Por eso el hombre para poder obtener los grados de la felicidad necesita de gran manera a quienes le muestren el lúcido y claro camino de la buena dirección para así, a través de esto, fortalecer a los soldados del intelecto y poder vencer a su enemigo terco y peligroso, haciendo que el hombre se prepare a sí mismo entrar en el combate entre el intelecto y los deseos.

El momento en que el hombre más precisa de quienes lo tomen de la mano y lo lleven hacia el bien y la corrección es cuando las sentimientos lo engañan y embaucan. Y es muy frecuente que los sentimientos adornen y embellezcan las obras malas y los extravíos del alma, y en consecuencia el hombre vea como deseable lo que en realidad es repudiable.

Así, el intelecto confunde su camino hacia la corrección, la felicidad y las mercedes, especialmente en el momento en que no tiene conocimiento como para distinguir lo bueno y beneficioso de todo aquello que es feo y perjudicial. Y cada uno de nosotros resulta derribado automáticamente en esta batalla, excepto aquel a quien Dios preserva.

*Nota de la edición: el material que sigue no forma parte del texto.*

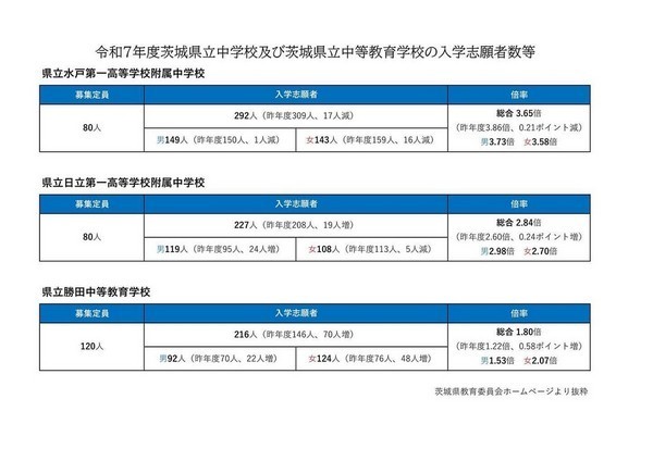 令和7年度茨城県立中学校及び茨城県立中等教育学校の入学志願者数等が発表されました。
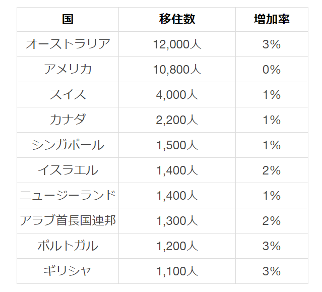 日本人の移住先とかなり違っていますね。お金があると考え方が違うのかなあ?

Por ese motivo, resulta sumamente difícil para el hombre civilizado y culto, y mucho más para un salvaje ignorante, el llegar por sus propios medios a todos los caminos del bien y la corrección; así como conocer todo lo que lo beneficia y todo lo que lo daña en este mundo y en el otro, tanto a nivel individual como a lo que pertenece a su sociedad y su ámbito, a pesar de que se ayuden mutuamente con otros de sus semejantes, investiguen en conjunto y realicen para tal fin conferencias, asambleas y congresos.

Por eso, es necesario que Dios Altísimo haga surgir entre la gente una misericordia y un favor para ellos.

Dice Dios en el Sagrado Corán:
«… Un Mensajero salido de ellos mismos que les recita sus aleyas, les purifique y les enseñe el Libro y la Sabiduría»
Corán: “El viernes”; 62:2

Además, que les advierta sobre aquello en lo que está sus corrupciones y les instruya respecto de aquello que contiene sus correcciones y felicidades.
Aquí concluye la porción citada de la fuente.